The liquid crystal display device of the present invention has the following remarkable effects. (1) By defining the rigidity of the seal portion and the spacer outside the display screen per 1 mm ^{2 of the} color filter screen, interference fringes on the screen close to the frame of the liquid crystal display element are suppressed.
A liquid crystal display element with high display quality can be provided. (2) Since the spacers can be regularly formed and fixed, display quality is not impaired by the movement of the spacers.

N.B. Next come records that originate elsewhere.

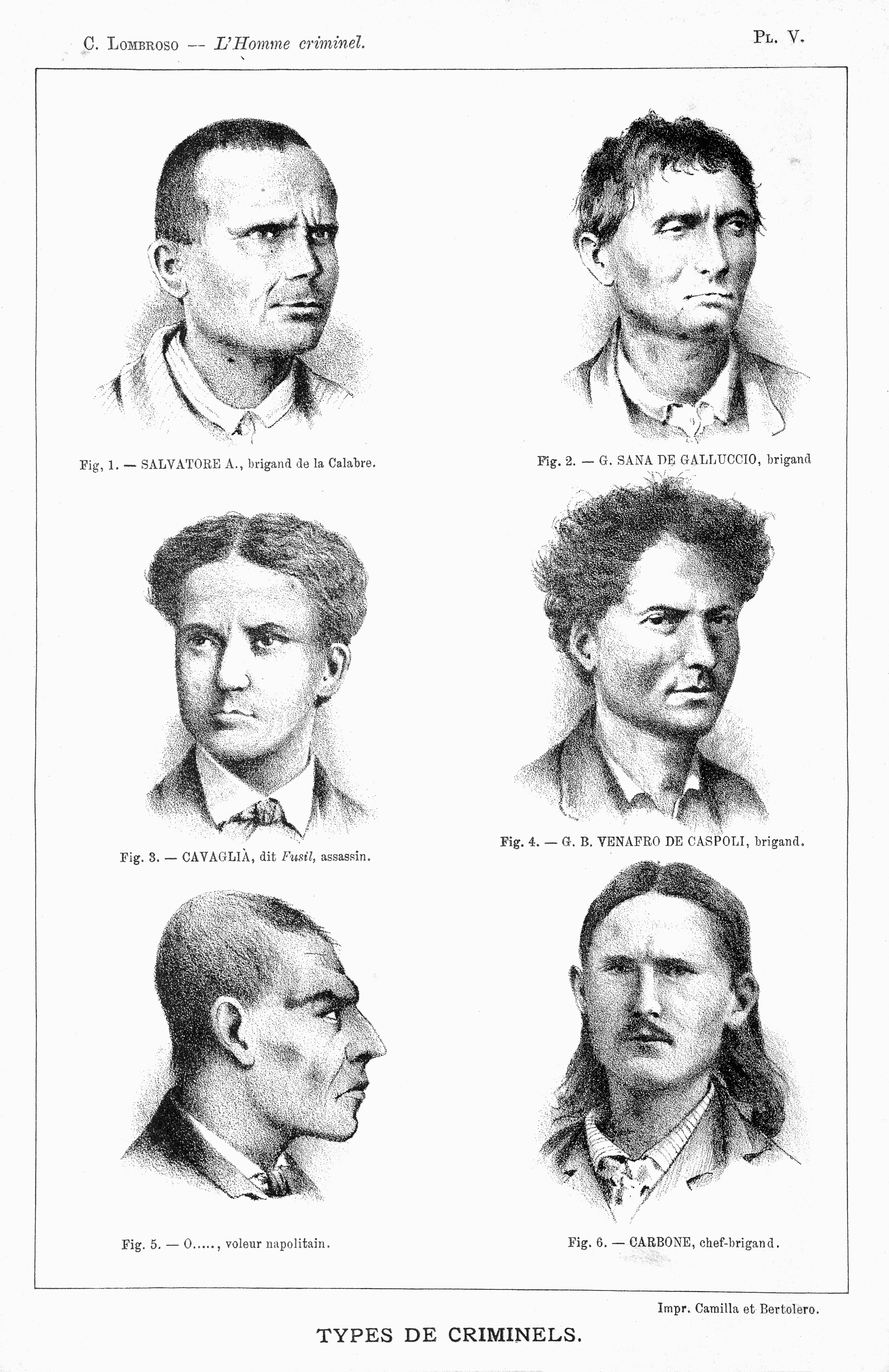 Six figures illustrating types of criminals Wellcome Images Keywords: Cesar Lombroso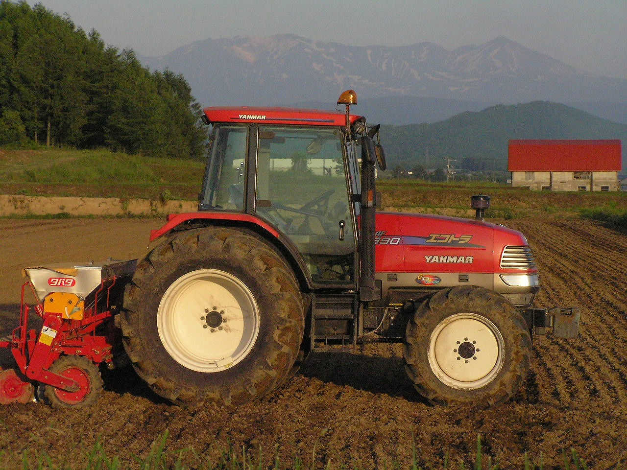 Yanmar tractor in Japan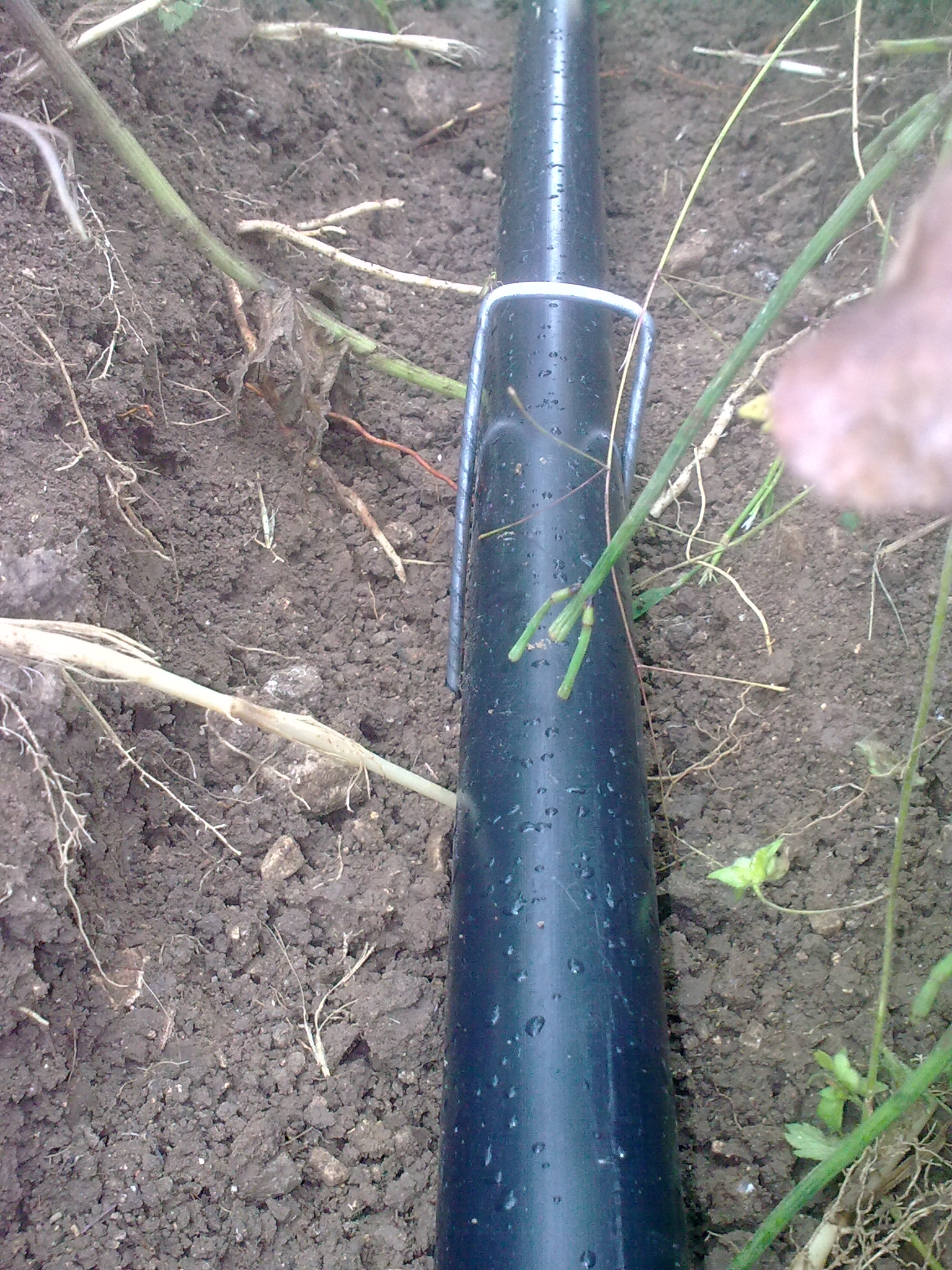 Photo by M. Boulard - Nyons (France), June 2012

[Brief description of the drawings]

FIG. 1 is a cross-sectional view of a color liquid crystal display device using a color filter obtained according to the present invention.

[Explanation of symbols]

 1, 14: bright substrate 2: black matrix 3, 4, 5: colored layer 6: protective film 7: transparent electrode 8a: display spacer 8b: spacer outside display screen 8c: seal spacer 9,10: alignment film 11: Pixel electrode 12: Insulating film 13: Electrode attached to liquid crystal drive circuit 15: Spacer 16: Sealant 17: Liquid crystal

Claims (2)

[Claims] 1. In a color filter having a fixed spacer, the rigidity of the seal portion spacer per 1 mm ^{2 of the} color filter screen is larger than the rigidity of the spacer outside the display screen per 1 mm ^{2 of the} color filter screen. Characteristic color filters for liquid crystal display devices. 2. A color liquid crystal display device using the color filter according to claim 1.